> _Records provided_
==================================================

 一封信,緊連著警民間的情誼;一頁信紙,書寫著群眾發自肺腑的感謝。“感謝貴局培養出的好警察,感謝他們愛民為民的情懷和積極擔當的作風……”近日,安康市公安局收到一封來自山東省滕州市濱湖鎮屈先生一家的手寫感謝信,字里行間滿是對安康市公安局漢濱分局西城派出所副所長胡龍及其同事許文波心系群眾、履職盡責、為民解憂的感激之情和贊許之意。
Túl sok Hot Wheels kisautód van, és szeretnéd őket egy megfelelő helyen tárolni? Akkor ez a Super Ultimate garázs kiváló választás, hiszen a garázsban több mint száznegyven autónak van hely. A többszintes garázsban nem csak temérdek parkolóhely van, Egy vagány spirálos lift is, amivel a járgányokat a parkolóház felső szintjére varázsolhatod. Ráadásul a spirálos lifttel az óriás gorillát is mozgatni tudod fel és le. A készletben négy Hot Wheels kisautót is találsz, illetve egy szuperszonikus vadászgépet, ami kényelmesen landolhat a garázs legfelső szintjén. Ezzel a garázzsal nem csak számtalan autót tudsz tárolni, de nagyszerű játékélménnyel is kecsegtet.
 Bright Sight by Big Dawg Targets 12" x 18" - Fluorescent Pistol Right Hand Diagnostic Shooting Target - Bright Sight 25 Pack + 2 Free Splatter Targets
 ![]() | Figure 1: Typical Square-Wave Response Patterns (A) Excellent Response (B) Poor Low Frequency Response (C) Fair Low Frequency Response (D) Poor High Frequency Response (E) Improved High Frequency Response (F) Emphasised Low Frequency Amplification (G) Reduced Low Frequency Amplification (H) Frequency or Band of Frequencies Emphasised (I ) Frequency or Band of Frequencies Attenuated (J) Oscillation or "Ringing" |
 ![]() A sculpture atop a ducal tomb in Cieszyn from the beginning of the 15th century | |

==================================================

> _Work task_
Type out all of the records again, exactly.

> _Completed exercise_
 一封信,緊連著警民間的情誼;一頁信紙,書寫著群眾發自肺腑的感謝。“感謝貴局培養出的好警察,感謝他們愛民為民的情懷和積極擔當的作風……”近日,安康市公安局收到一封來自山東省滕州市濱湖鎮屈先生一家的手寫感謝信,字里行間滿是對安康市公安局漢濱分局西城派出所副所長胡龍及其同事許文波心系群眾、履職盡責、為民解憂的感激之情和贊許之意。
Túl sok Hot Wheels kisautód van, és szeretnéd őket egy megfelelő helyen tárolni? Akkor ez a Super Ultimate garázs kiváló választás, hiszen a garázsban több mint száznegyven autónak van hely. A többszintes garázsban nem csak temérdek parkolóhely van, Egy vagány spirálos lift is, amivel a járgányokat a parkolóház felső szintjére varázsolhatod. Ráadásul a spirálos lifttel az óriás gorillát is mozgatni tudod fel és le. A készletben négy Hot Wheels kisautót is találsz, illetve egy szuperszonikus vadászgépet, ami kényelmesen landolhat a garázs legfelső szintjén. Ezzel a garázzsal nem csak számtalan autót tudsz tárolni, de nagyszerű játékélménnyel is kecsegtet.
 Bright Sight by Big Dawg Targets 12" x 18" - Fluorescent Pistol Right Hand Diagnostic Shooting Target - Bright Sight 25 Pack + 2 Free Splatter Targets
 ![]() | Figure 1: Typical Square-Wave Response Patterns (A) Excellent Response (B) Poor Low Frequency Response (C) Fair Low Frequency Response (D) Poor High Frequency Response (E) Improved High Frequency Response (F) Emphasised Low Frequency Amplification (G) Reduced Low Frequency Amplification (H) Frequency or Band of Frequencies Emphasised (I ) Frequency or Band of Frequencies Attenuated (J) Oscillation or "Ringing" |
 ![]() A sculpture atop a ducal tomb in Cieszyn from the beginning of the 15th century | |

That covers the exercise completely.